Brief
Your answer is the line containing "roz.L ręcznie robione" plus every line after it through the end of the records, printed exactly and free of pictures.

Material to process
■ ■ ■ ■
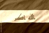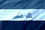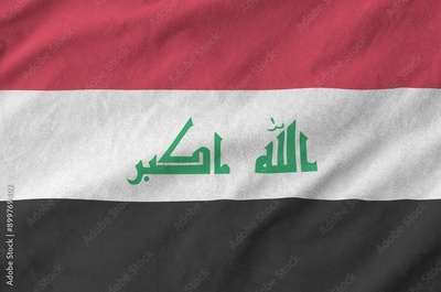 Iraq flag depicted on folded wavy fabric of old cloth close up
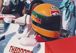 Irvine began to compete with racing cars in 1983.[4] He was initially interested in motorcycle racing, but his parents thought the sport too dangerous and was encouraged by his father to race in Formula Ford.[4] Irvine worked unpaid in his father's scrapyard, in return for which, his father funded his racing hobby.[5] He won his first race at Brands Hatch in 1984, and an award for best driver.[4] In 1987 he joined the Van Diemen team and won the Esso Formula Ford series, the RAC Formula Ford series, and the Formula Ford Festival.[6]
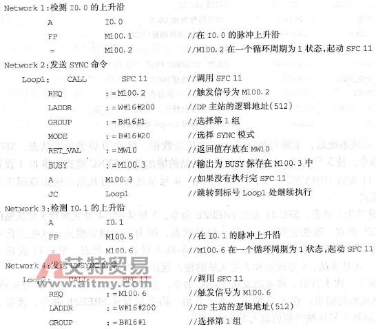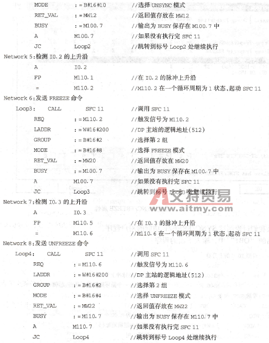 起动DP总线系统后,主站与各从站循环地传送数据。将I0.0设置为1状态,SFC 11发送SYNC命令,使3号从站、4号从站和5号从站的输出处于SYNC模式;将I0.1设置为1状态,SFC 11发送UNSYNC命令,使3号从站、4号从站和5号从站的输出返回正常的周期性输出模式。 将I0.2设置为1状态,SFC 11发送FREEZE命令,3号从站、4号从站和5号从站的输入处于FREEZE模式,改变它们的实际输入信号状态,因为处于锁定模式,这些变化不会传送到主站的CPU,所以不能观察到这些变化。将I0.3设置为1状态,SFC 11发送UN-FREEZE命令,3号从站、4号从站和5号从站的输入返回正常的周期性输入模式。 在I0.0的下一次上升沿,将重新发送SYNC命令,把设置好的数据传送到3号从站、4号从站和5号从站的输出;在I0.2的下一次上升沿,将重新发送FREEZE命令,读取3号从站、4号从站和5号从站当前的输入数据。
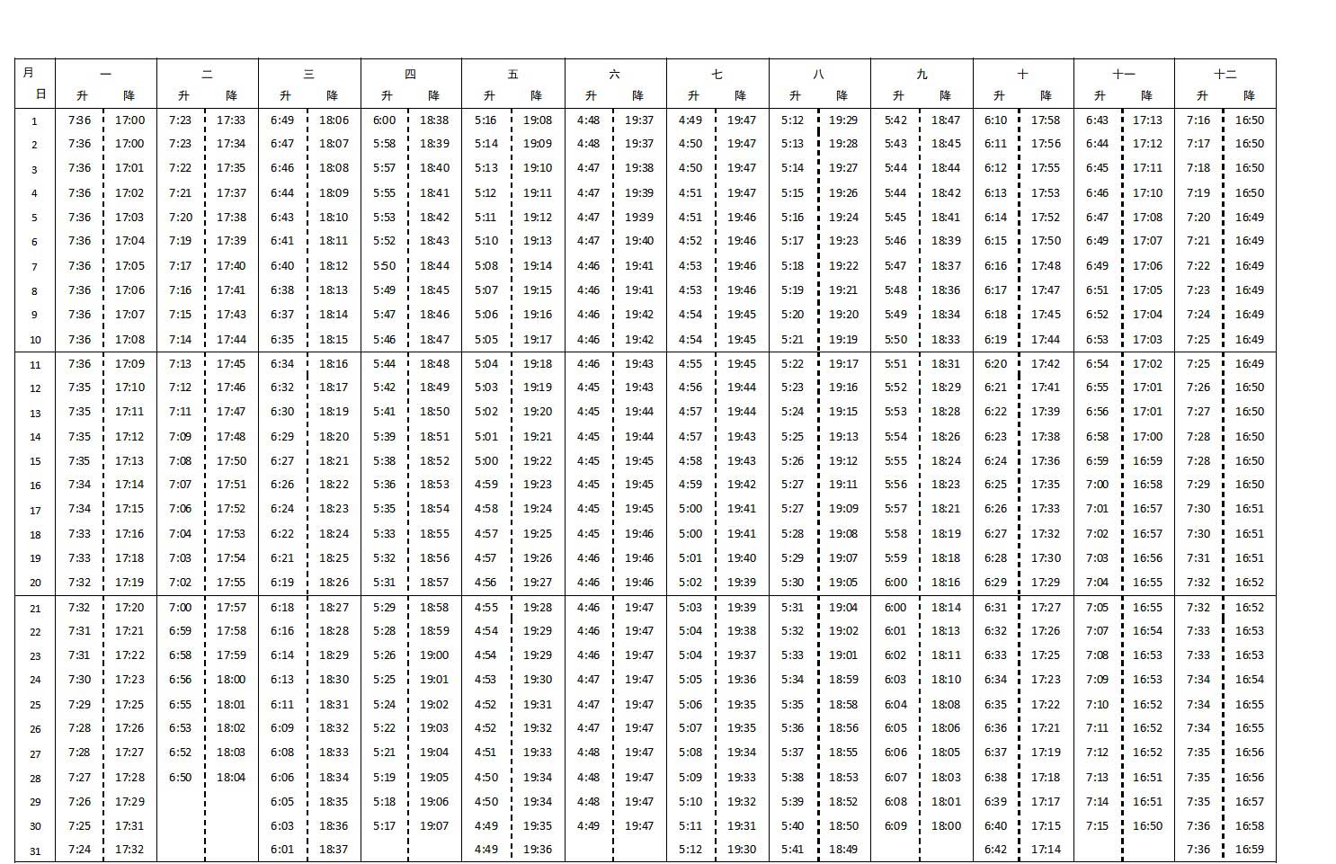 天安门广场升旗仪式每天都进行,早上升国旗,晚上降国旗。升降国旗全年时间表如下:
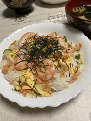 夕飯にちらし寿司 夏バテ気味なのかあまりこってりしたものを受け付けなくなってます。なので、ちらし寿司にしてみました。錦糸卵にマヨを入れてフンワリと🥰
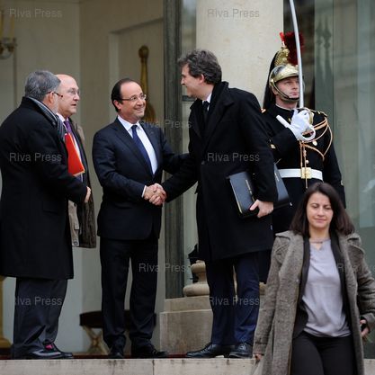 François Hollande salue les ministres sur le perron à l'issue du déjeuner, ici Arnaud Montebourg, en présence de Alain Vidalies, Michel Sapin, Cécile Duflot - Paris - 03/01/2013 - Photo © Lionel Préau +33 (0)6 68 12 83 77
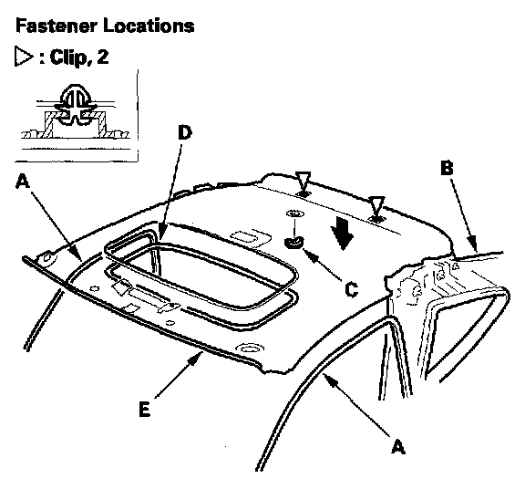 5. With the help of an assistant, detach the rear clips by pulling the rear portion of the headliner (E) down.
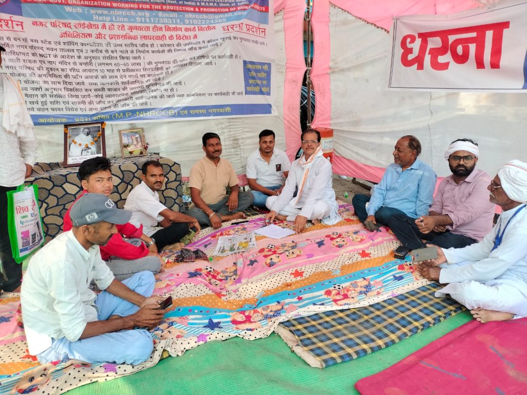 MP संवाद समाचार, नरसिंहपुर। गाडरवारा के साईंखेड़ा नगर परिषद में विकास कार्यों को लेकर कथित भ्रष्टाचार, वित्तीय अनियमितताओं और घटिया निर्माण के विरोध में मंगलवार से धरना प्रदर्शन शुरू हो गया। आंदोलन का नेतृत्व रंजीत सिंह तोमर (प्रदेश सचिव, मध्यप्रदेश राष्ट्रीय मानवाधिकार एवं अपराध नियंत्रण ब्यूरो) कर रहे हैं, जिसमें बड़ी संख्या में नागरिक, पत्रकार और सामाजिक कार्यकर्ता शामिल हुए।
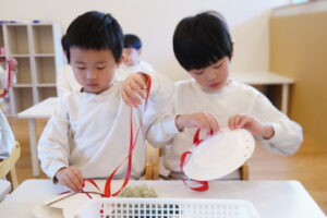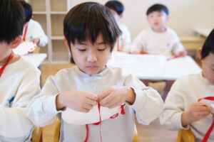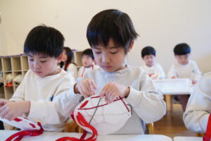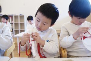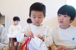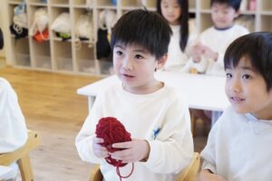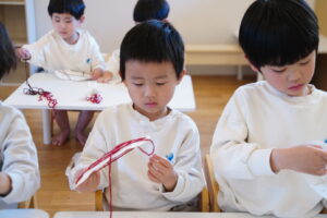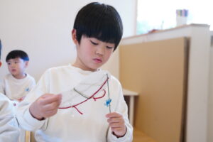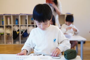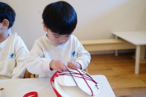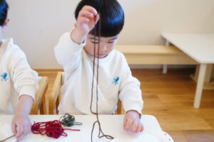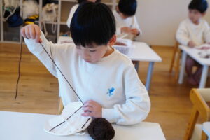 ・毛糸を引っかけたり、ひも通しするときは、かごの中に片付けよう
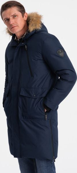 Kurtka męska Ombre Zimowa kurtka męska alaska z odpinanym futerkiem od kaptura – granatowa V1 OM-JALJ-0148 XL
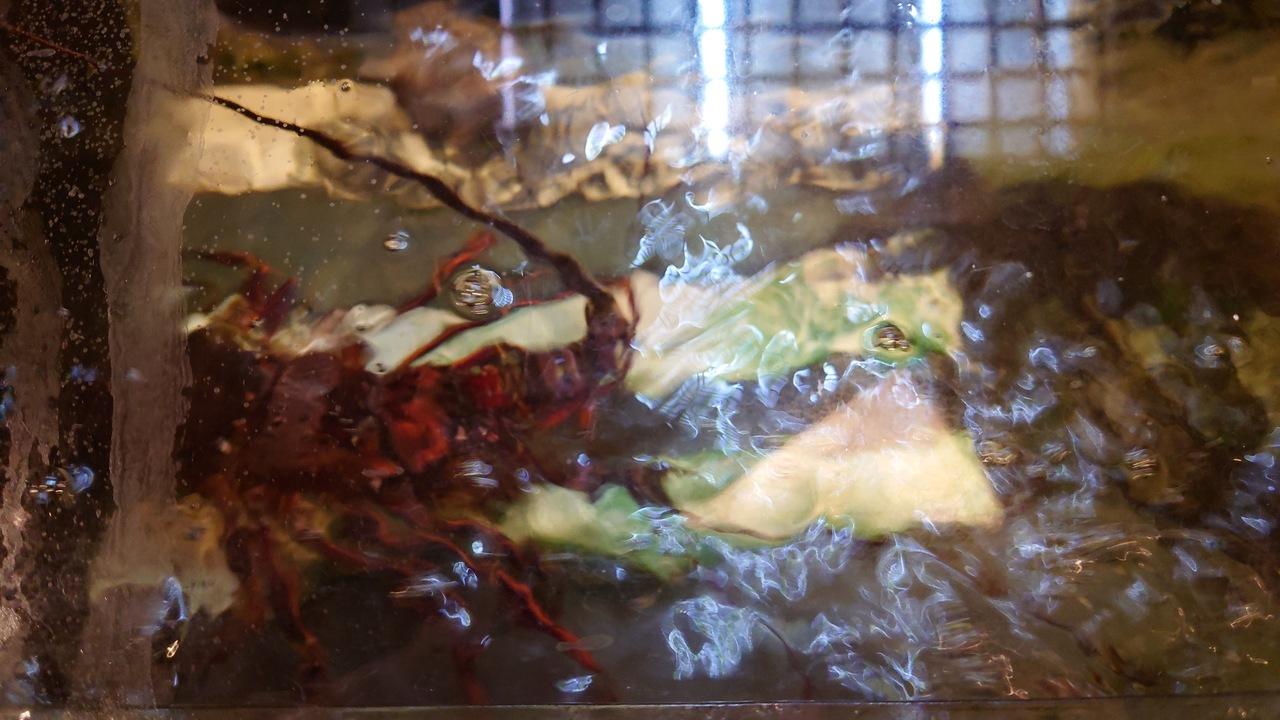 テーブルの生け簀 イセエビのヒゲが出てきた
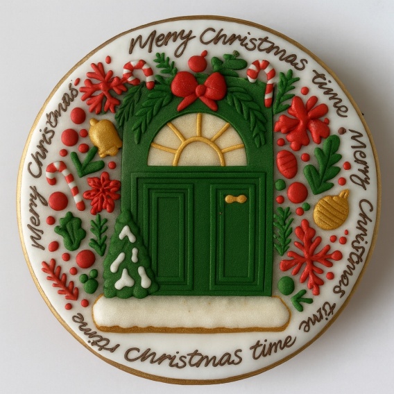 • Ciastko lukrowane Świąteczne drzwi koło No4 roz.L ręcznie robione
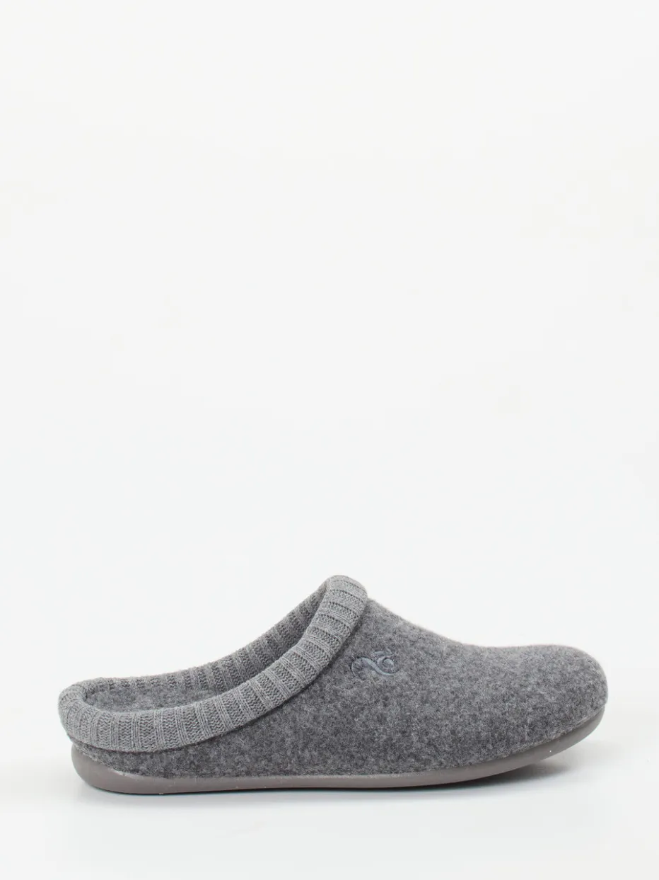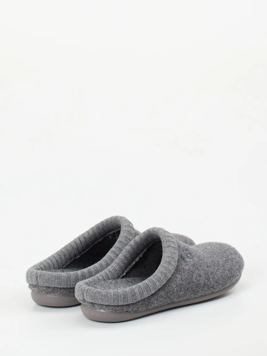 Aus hochwertigem Filz gearbeitet, zeigt das Modell in Mittelgrau eine filzige Textur mit subtiler Ton-in-Ton-Stickerei. Der gerippte Strickrand optimiert die Passform, während die ergonomische Gummisohle sicheren Halt bietet. Die farbliche Zurückhaltung und schlupffreundliche Verarbeitung wirken stilvoll und funktional zugleich – passend zum „Coziness Core“-Trend der Saison. Ein unkomplizierter Partner zu Loungewear und Heimtextilien.
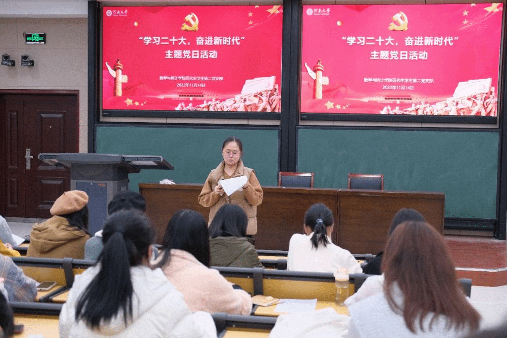 11月14日晚7:30,研究生第二学生党支部在南阶教室召开了“学习二十大,奋进新时代”主题党日活动,全体党员同志和入党积极分子参加会议。首先,支部书记刘霞宇同志领学了《习近平总书记在中国共产党第二十次全国代表大会上的报告》,接着与会同志共同观看了习近平总书记考察陕西延安和河南安阳新闻视频资料,并观看了纪录片《根脉》——红旗渠精神。
■ ■ ■ ■
Written reply
 • Ciastko lukrowane Świąteczne drzwi koło No4 roz.L ręcznie robione
 Aus hochwertigem Filz gearbeitet, zeigt das Modell in Mittelgrau eine filzige Textur mit subtiler Ton-in-Ton-Stickerei. Der gerippte Strickrand optimiert die Passform, während die ergonomische Gummisohle sicheren Halt bietet. Die farbliche Zurückhaltung und schlupffreundliche Verarbeitung wirken stilvoll und funktional zugleich – passend zum „Coziness Core“-Trend der Saison. Ein unkomplizierter Partner zu Loungewear und Heimtextilien.
 11月14日晚7:30,研究生第二学生党支部在南阶教室召开了“学习二十大,奋进新时代”主题党日活动,全体党员同志和入党积极分子参加会议。首先,支部书记刘霞宇同志领学了《习近平总书记在中国共产党第二十次全国代表大会上的报告》,接着与会同志共同观看了习近平总书记考察陕西延安和河南安阳新闻视频资料,并观看了纪录片《根脉》——红旗渠精神。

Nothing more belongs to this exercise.